Recuerdo que de pequeño, y de jovencito y de un poco más mayor tenía en un lugar de mi habitación, colocadas con chinchetas, una estampa del Sagrado Corazón, una de Nuestra Señora del Perpetuo Socorro (regalo del P Colinas en mi Primera Comunión) y otra de San Alfonso (regalo del hermano Esteban), a las que uní como con catorce años una de Jesús Resucitado y sonriente extendiendo una mano. Aún quedan las marcas de las chinchetas.
Me gustaría poder conservar el día de mañana el mueble con sus marcas porque es mucho más que eso. Cada marca conserva las marcas y la historia de un chaval cualquiera. Pero queda mucho más: el mismo Enrique tomado de la mano del Redentor; un niño que ya no es rubio, con menos pelo, gordo y barbudo pero que se siente igualmente acurrucado en los brazos de María; un individuo cualquiera que no ve a un Santo en un papel, un hombre que conoció y quedó cautivado por la vía abierta por San Alfonso. Quedo yo, como cada uno de nosotros, latiendo en el corazón de Cristo.
El niño perdió el miedo, se le desató la lengua; al niño que de niño no usaba gafas, de hombre se le abrieron los ojos. Un día cualquiera hubo una alegría en el cielo.
Ese chiquillo podría quedarse, como entonces, simplemente adorando embobado al Corazón de Jesús, contándole sus cuitas y descansando silencioso en María. Pero hoy es un hombre, y lleva el corazón lleno de gente y sus historias; sufre con ellos, se alegra con ellos. Un hombre que cae y se levanta, feliz, con dudas y con certezas. Un hombre que se encontró con ese Redentor que le tendía la mano y la agarró sin querer soltarla jamás. Y cuando te encuentras con Él simplemente no te puedes callar; no es algo pensado, es que sale del propio corazón contarlo y compartirlo. Sale de una manera espontánea que sea la propia mano la que se ofrezca como si fuera la del Resucitado. Ni se quiere ni se puede evitar. Ofrecer lo poquito que impulse nuestro corazón para que otros sientan el Corazón de Jesús.

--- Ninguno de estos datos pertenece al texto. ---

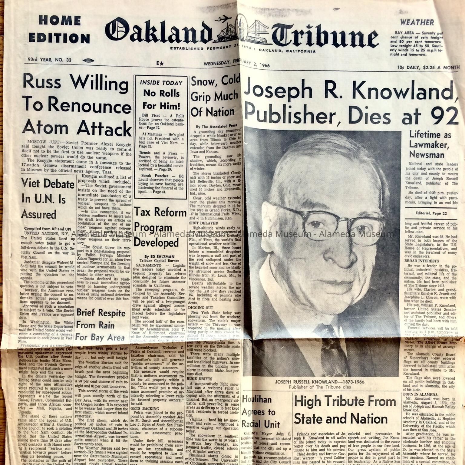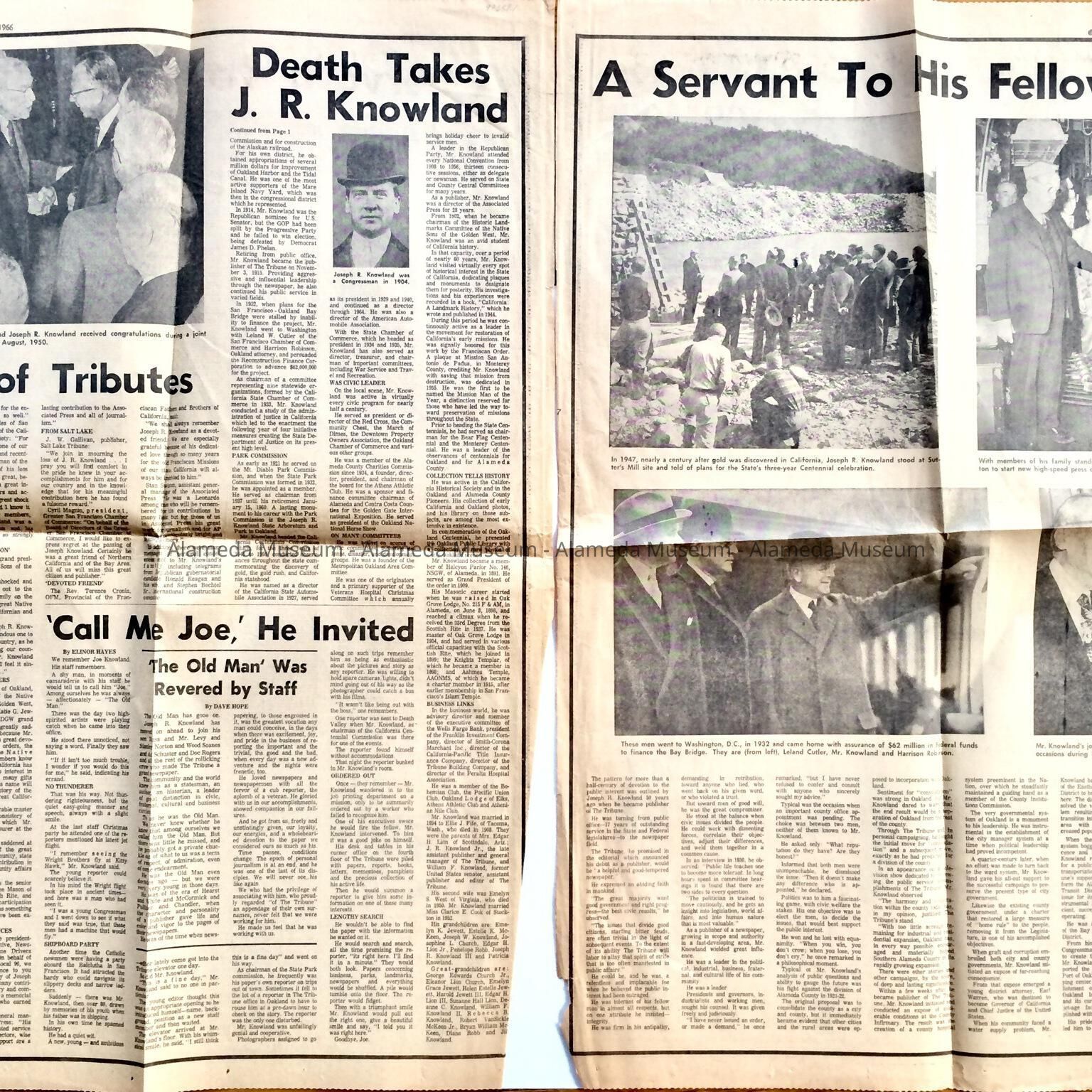 History: Illustrated article concerning the death of Joseph R. Knowland which appeared in the Oakland Tribune February 2, 1966. Mr. Knowland was born in Alameda on August 5, 1873 and was a member of a pioneer family.

El “problema” es que todo se ve diferente. Un grandioso “problema”. Hoy me gustaría que todo el mundo supiera de la sobreabundante Redención; que todo el mundo viera, como yo, Su Corazón en un pedacito de pan; que lo vieran latiendo en el pecho de todos esos sacerdotes, otros Cristos, que nos lo hacen físicamente real en la Eucaristía ; que lo vieran latiendo en cada parado, en cada niño desnutrido, maltratado; que lo vieran en los trabajadores oprimidos y en los empresarios que se esfuerzan por crear justamente riqueza y empleo; que lo vieran en el diminuto corazoncito que late en una incubadora cualquiera; que lo vieran en el corazón de cada criatura que no llega a nacer, y en el de cada anciano en soledad; que lo vieran latiendo en cárceles, prostíbulos, parquets, colegios, arrabales y lujosas avenidas; que lo vieran, que lo vieran de verdad latiendo en el corazón de tantos indigentes y en el de tantos voluntarios que los socorren; que cada marido lo viera latiendo en el de su mujer, cada mujer en el de su marido, cada padre en el corazón de cada uno de sus hijos.
Esta tarde, en misa, en mi parroquia, me abrazaré físicamente al Corazón de Jesús al comulgar. Pero creo que el mejor acto de amor que le puedo ofrecer es tratar de mostrar precisamente eso, su Amor, y hacerlo día a día. Yo seguí el cayado de un pastor y me encontré con un rebaño numerosísimo y feliz, y con muchos pastores más.
Animaos. Cada oveja encuentra su rebaño y su pastor. Cuando uno se desperdiga o sale el pastor a su encuentro o alguna de las ovejas ayuda a recobrar el sendero. Y todos, pastores y ovejas latimos en el Corazón de Jesús.